= Dave Barber =

American radio personality

David Raymond Barber (April 25, 1955 – July 4, 2015) was an American talk radio and television personality from Flint, Michigan.

Born to parents of Croatian descent, Barber attended Central Michigan University. In the 1970s, Barber started his radio career at WTRX, where he hosted a talk program called Flint Feedback. Barber's show often dealt with controversial topics, including an incident when he had a naked woman in his studio, long before the days of Howard Stern. Barber also did shows on WTAC (now WSNL) and WFDF. In 2001, Barber moved to the Michigan Talk Radio Network where his show was syndicated to radio stations across the state of Michigan. After short stints for Air America Radio and another Flint station, WWCK (AM), Barber moved to Providence, RI in 2006 and worked for WPRO and then Capital TV.

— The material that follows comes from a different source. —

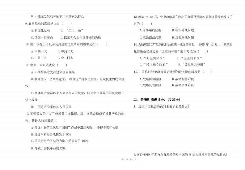 C,太平天国运动D.辛亥革命清华大学2022-2023学年第一学期4.帝国主义列强对中国的争夺和瓜分的图谋达到高潮是在()《中国近现代史纲要》A,鸦片战争B.中法战争C,甲午战争D.八国联军侵华期末考试试卷(从卷)5.戊戌雏新前维新派与守旧派的这场论战,实质上是()注意:1、考试时间:90分钟2、所在教学点、班级、姓名、学号必须写在指定地方:A资产阶级思想与封建主义思想在中国的第一次正面交锋题号二三四总分B,守旧派与洋务派之间的一次论战得分C.保皇派与革命派的一次论战D.帝党与后党的权力之争一、选择题(以下每题的选项中,只有一项最符合题意。每题2分,共306,中国民族资产阶级登上政治舞台的第一次表演是在()分)A洋务运动B.戊戌雏新1,第一次鸦片战争后美国迫使清政府签订的不平等条约是()】C,辛亥革命D,五四运动9A.《南京条约》B.《虎门条约》7.孙中山将同盟会的纲领概括为三大主义,其中民权主义(创立民国)即C,《望厦条约》几.《黄埔条约》年()2.随着近代中国从封建社会逐步演变为半殖民地半封建社会,地主阶级本A.民族革命B.政治革命学身也发生了某些变化,出现了()C.社会革命D.资产阶级革命A.官像买办资木家B.农民阶级8.辛亥革命的失败原因从根本上说,是因为()C.民族资本家D.官僚地主和城居地主A在帝国主义时代,在半殖民地半封建的中国,资本主义的建国方案密3.在粉碎帝国主义列强瓜分中国的斗争中发挥了重大的历史作用的事件是行不通的是()B.资产阶级革命派本身存在着许多弱点和错误A.义和团运动B戊戌维新C,中国民族资产阶级的软弱性和妥协性第1项共5瓦

Barber returned to the Flint area on June 25, 2015 to attend a family wedding. However, while at a rehearsal dinner, Barber choked and collapsed. He was rushed to a Pontiac, MI hospital where doctors discovered that he had a heart attack and a stroke. After 10 days in a coma, Barber died at 10:45 a.m. on July 4 at the age of 60.

Barber was once married to Ann Burke. He had a son, Chase Seegmiller, from a previous relationship. He is also survived by a brother and many relatives.